Lugosi is a mute butler (again
), Chaney Jr is a mad-raving brute
(again) and Carradine appears as a kind of wizard but I honestly don't
understand who his character was and what his role added to the plot.
Purely talking in terms of plotting "The Black Sleep" does form an interesting footnote in horror movie history, as it somewhat builds a bridge between the old-fashioned mad scientists from the Universal era (Victor Frankenstein and such ) and the more emotionally tormented mad scientists from the 1960s and onwards. The former group contains merely just megalomaniac geniuses, whereas the latter group is driven by severe personal problems, usually to cure their terminally ill wives or to save their daughters that got horribly deformed in accidents. The classic French masterpiece "Les Yeux Sans Visage" (1959) was officially the first and most famous of the 'tormented scientist' flicks, but perhaps "The Black Sleep" was really the first one.
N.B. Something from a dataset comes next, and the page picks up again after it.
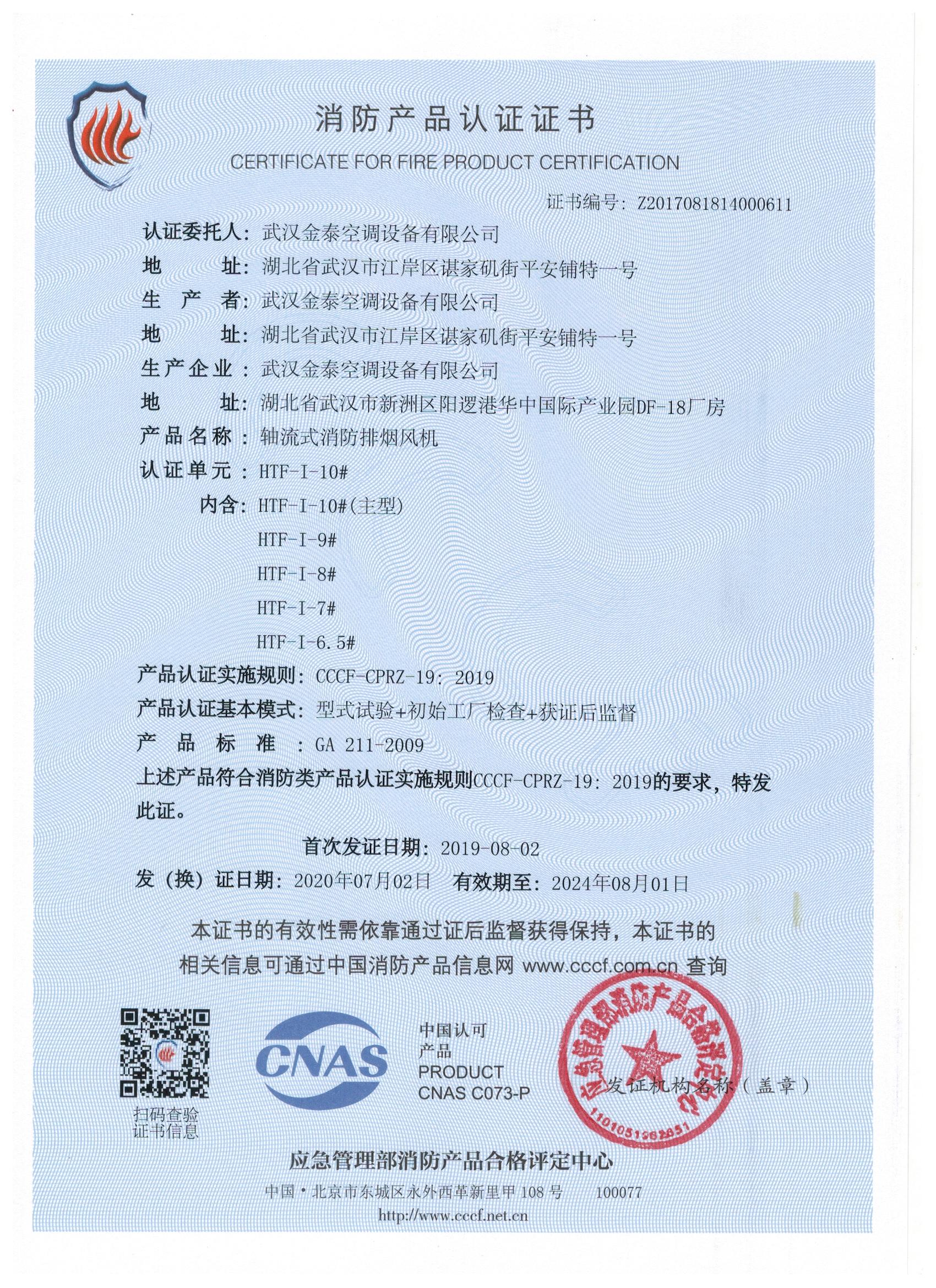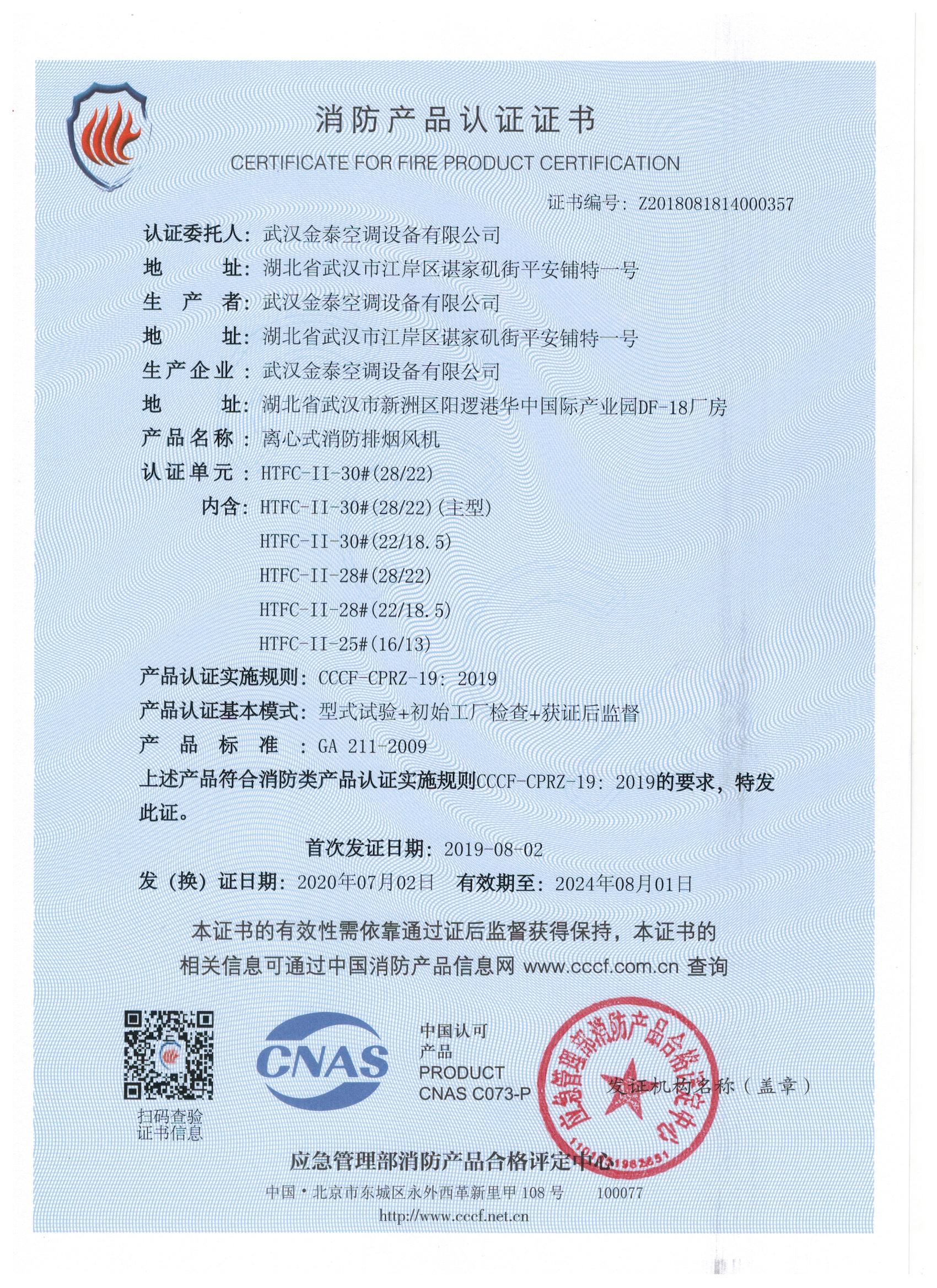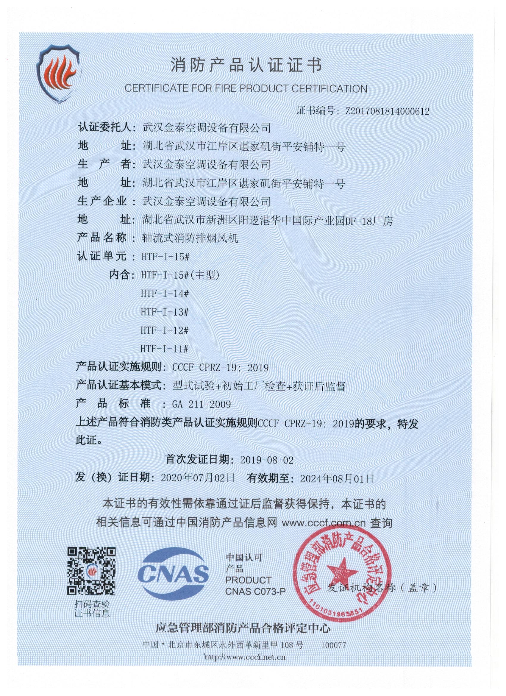 武漢金泰空調(diào)設(shè)備有限公司 是國內(nèi)長期專注于民用風(fēng)機(jī)、工業(yè)風(fēng)機(jī)領(lǐng)域的標(biāo)桿企業(yè):專業(yè)生產(chǎn)消防排煙風(fēng)機(jī)系列、排煙防火閥系列、一般通風(fēng)機(jī)系列(軸流式、離心式、屋頂式、壁式、隧道式、射流式)、風(fēng)口、風(fēng)管等消防及通風(fēng)設(shè)備。產(chǎn)品經(jīng)公安部消防產(chǎn)品合格評定中心評定符合消防產(chǎn)品CCC標(biāo)準(zhǔn);經(jīng)中國合格評定國家認(rèn)可委員會(huì)認(rèn)證的檢驗(yàn)所檢驗(yàn)合格;經(jīng)國家防火建材質(zhì)量監(jiān)督檢驗(yàn)中心(四川中心)火燒實(shí)驗(yàn),耐火性能達(dá)標(biāo)。

Physician Joel Cadman (Rathbone) is looking for a cure for his wife's brain tumor and therefore conducts unorthodox experiments in a remote old castle, primarily experiments that teach him how the human brain is mapped and structured. He uses an oriental drug, nicknamed black sleep, that puts the patient in a death-like coma and subsequently cuts open their skull to explore the brain functions. Unfortunately things usually go awry during this process and therefore the castle is full of failed experimental subjects. "The Black Sleep" benefices from the professional direction by Reginald LeBorg and strong performance of Basil Rathbone, but the screenplay is often boring and there disappointingly aren't any real Grand Guignol highlights. As stated already, the phenomenal cast is underused and it's a bit sad that Lugosi's very last role is such a pitiable one.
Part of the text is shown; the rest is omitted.